Swedenborg was a respected academic who methodically described the spiritual world, and left a strange collection of works which captivated the most eminent thinkers. Swedenborg derived inspiration from dreams and visions, and claimed to be able to visit heaven and hell at will. His works were widely read after his death and highly regarded by poets, writers and mystics such as Blake, Baudelaire, Strindberg, Balzac, Yeats, Jung, and William James.
A doctor of philosophy by the age of 21, Swedenborg travelled around Europe seeking out the most important scientists of his day. When he returned to Sweden in 1714, his incredible breadth of knowledge and daring scientific theories brought him fame and glory. But in 1743 he wrote ‘the Lord revealed himself to me … and lent me . the power to communicate with spirits and angels‘.
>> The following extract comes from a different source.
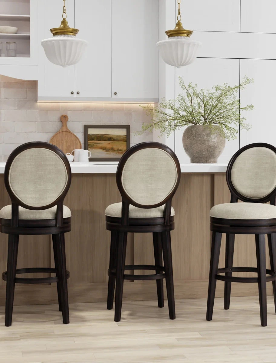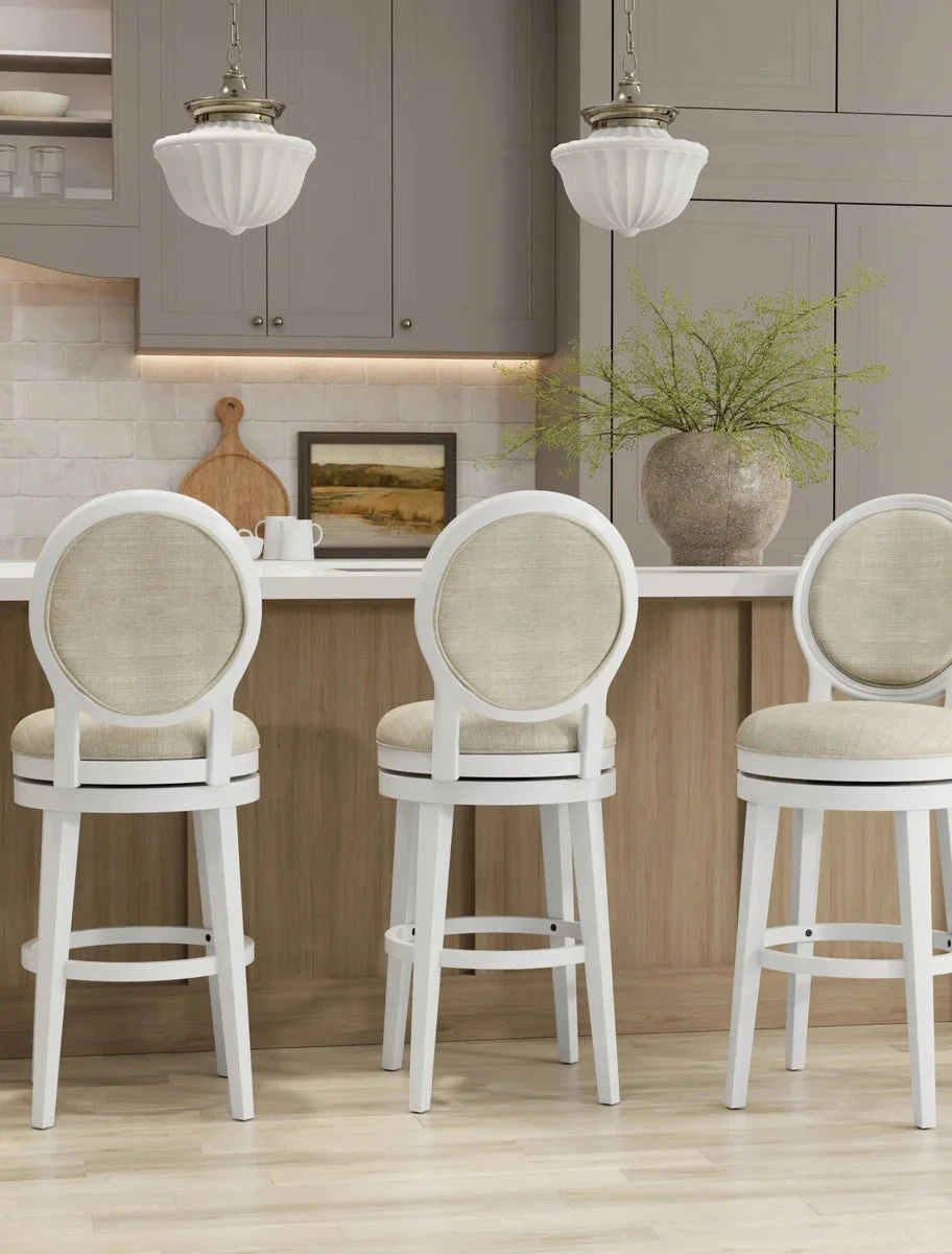 The Dayton Swivel Bar Height Stool delivers a quiet strength that will help to ground your space, gracefully. Crafted with soft, classic lines in a beautiful dark brown or white finish, this traditional-meets-farmhouse stool features a 360-degree swivel seat upholstered in neutral Beige fabric. The round back design is inlaid with matching upholstery on both the front and back for visual appeal from every angle. Find the perfect place to make new memories with the people you love. Assembly required.

From then on, Swedenborg gave up the secular sciences and devoted himself to describing this spiritual world which gradually unravelled itself before him, using the precision gleaned from his former training. The seeds of this change in direction had been sown as early as 1736, when he decided to write down his dreams as signs of another reality. It also appears likely that he spontaneously engaged in meditation exercises accompanied by breathing techniques similar to those used in yoga, with which he could not have been familiar. Swedenborg never lost his calm assurance, even when confronted with the unique phenomena which manifested themselves to him.
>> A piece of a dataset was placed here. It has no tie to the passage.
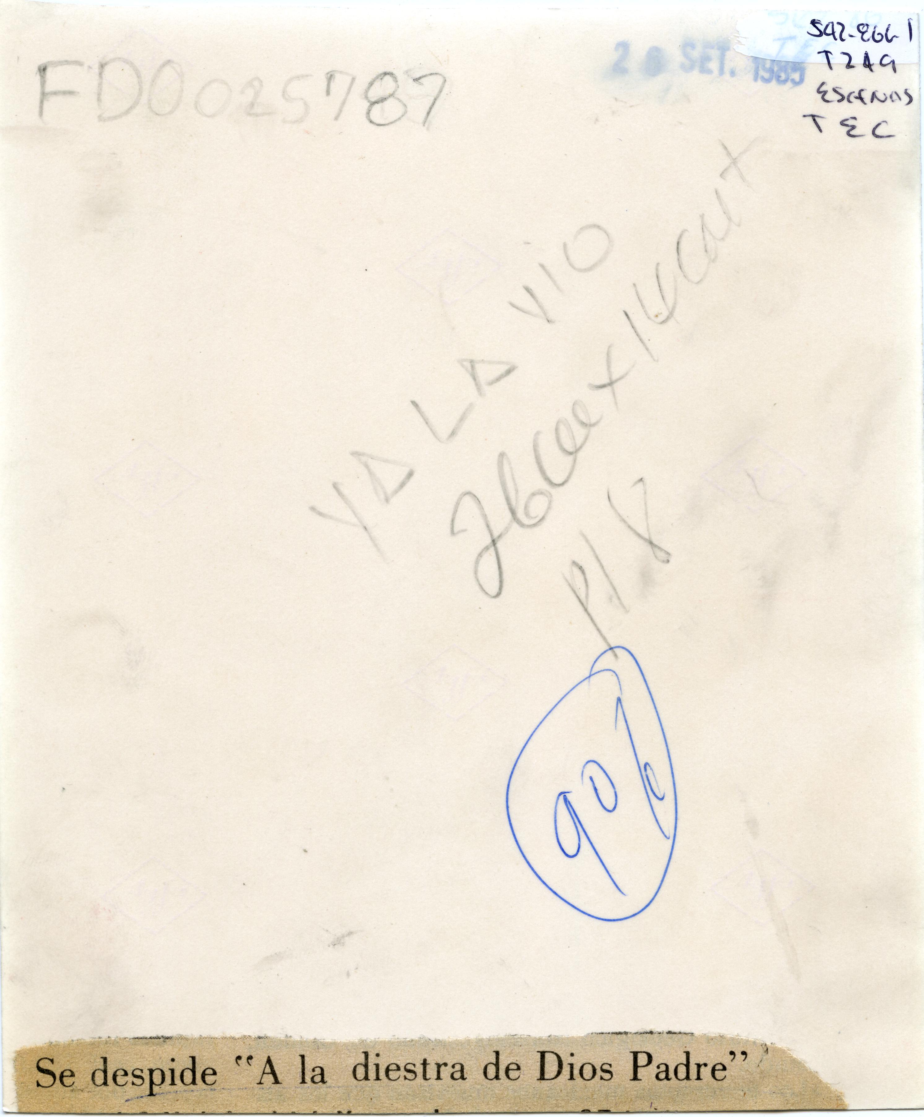 En la gráfica dice: Se despide "A la Diestra de Dios Padre".

Compiled in Latin, apart from scientific tracts, his works include The Heavenly Arcana (8 vols; 1747-58), On The New Jerusalem and on its Celestial Doctrine (1758), and The True Christian Religion Containing the Universal Theology of the New Church (1771). His mystical works were very influential; Kant was later to dedicate one of his books to them.
Some Swedenborg essentials
There is an underlying unity of all life, emanating from the one infinite Source described as love. All life in all of its forms is part of an overall form which he calls the Universal Human.
2. The Fall
‘What belongs to oneself’ (modem term Ego), gives man the capacity to experience life as if he were independent of the Source. The great illusion into which man falls – the belief that he is separate, independent and essentially alone – from this arises the negative emotions of fear, shame, guilt, envy, hatred etc. From this state redemption comes. Although in this state man is eternally united to the one source (the father), he is unaware of his inner heaven and divine sonship. This separation is termed ‘hell’.
When the separated depths are stirred by divine spirit, the Son (within) is called and chooses to return home to the Father (within). The experience of love and freedom within enables the ‘Son’ to become Christ within and gradually put to death the Ego of separation. This was mirrored in Jesus on the Cross.
Redemption then is man going through circles of Enlightenment while he is alternating the emerging awareness with some lurking ‘hellish’ Ego tendencies, often disguised in a deeper part of the mind and life. This purifying process is repeated eternally since total purification of the natural consciousness is never completely attained.
5. Life after death and resurrection
When someone dies, he simply crosses from one world to another. Resurrection refers to the continuity of life. The spirit guides (angels) are with someone who has awakened (resurrected) and they do not leave anyone for they love each and everyone regardless. The direction the now spirit person goes in, is entirely due to who they really are, since they cannot conceal their true nature. All are drawn toward those of similar nature in the next realm leading to ‘heaven’ or ‘hell’.